Sales at the nation’s retailers rose modestly last month as Americans spent more on eating out and furnishing their homes. Retail sales increased 0.3% in January, matching the consensus forecast. Over the past three months, sales were up a steady 0.2%, but slower than the pace in mid-2019. Notably, building materials, garden equipment, and supplies rose 2.1%, the most in five months, while furniture and home furnishings rebounded 0.6%. The advance in these housing-related categories suggests stronger housing demand at the start of the year. On a year-over-year trend basis, retail sales were up 4.4% indicating that despite some weakness, consumer goods spending growth is still robust.
Inflation rose just slightly last month suggesting that the Federal Reserve will have no reason to hike interest rates anytime soon. The Bureau of Labor Statistics reported the Consumer Price Index (CPI) ticked up 0.1% in January, below the consensus of 0.2%. Food prices rose by 0.2%, while energy declined -0.7%--its first downtick in four months. Core CPI, which excludes food and energy, increased by 0.2%. The cost of shelter, medical care services, apparel, and education all increased last month, while the price of drugs and used vehicles fell. Year-over-year, the CPI increased 2.5%--the most since October 2018, but still historically low. Overall, the report shows that consumer price inflation remains subdued, supporting a continued easy monetary policy stance from the Fed.
Federal Reserve Chairman Jerome Powell offered testimony to the House Financial Services Committee this week in which he stated that some of the forces that held back U.S. economic growth last year have eased, but risks to the outlook remain, particularly from the coronavirus. “We are closely monitoring the emergence of the coronavirus, which could lead to disruptions in China that spill over to the rest of the global economy,” Powell said.
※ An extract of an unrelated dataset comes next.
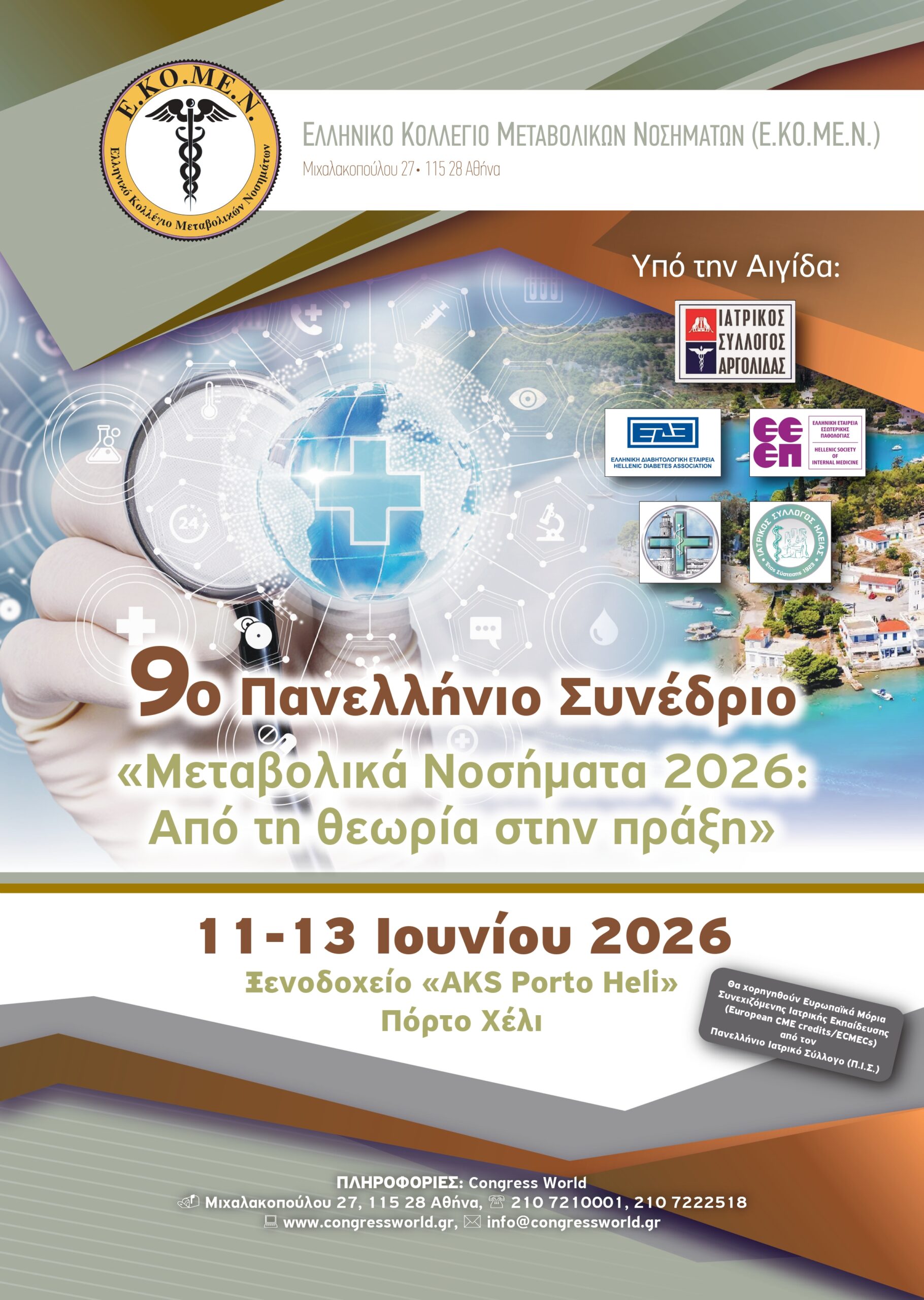 9ο Πανελλήνιο Συνέδριο “Μεταβολικά Νοσήματα 2026: Από τη θεωρία στην πράξη”, 11-13 Ιουνίου 2026, Ξενοδοχείο “AKS Porto Heli”, Πόρτο Χέλι Posted on 27 Απριλίου 202627 Απριλίου 2026 by Ιατρικός Σύλλογος Ηλείας Programma 9o Pan EKOMEN 16,8×24 6-2026 web10Λήψη

The U.S. central bank cut interest rates by a quarter percent at three successive meetings last fall, bringing its benchmark rate down to a range of 1.5-1.75%. Powell stated that he believed the current accommodative stance of policy was still appropriate to support growth, but stated, “If developments emerge that cause a material reassessment of our outlook, we would respond accordingly.”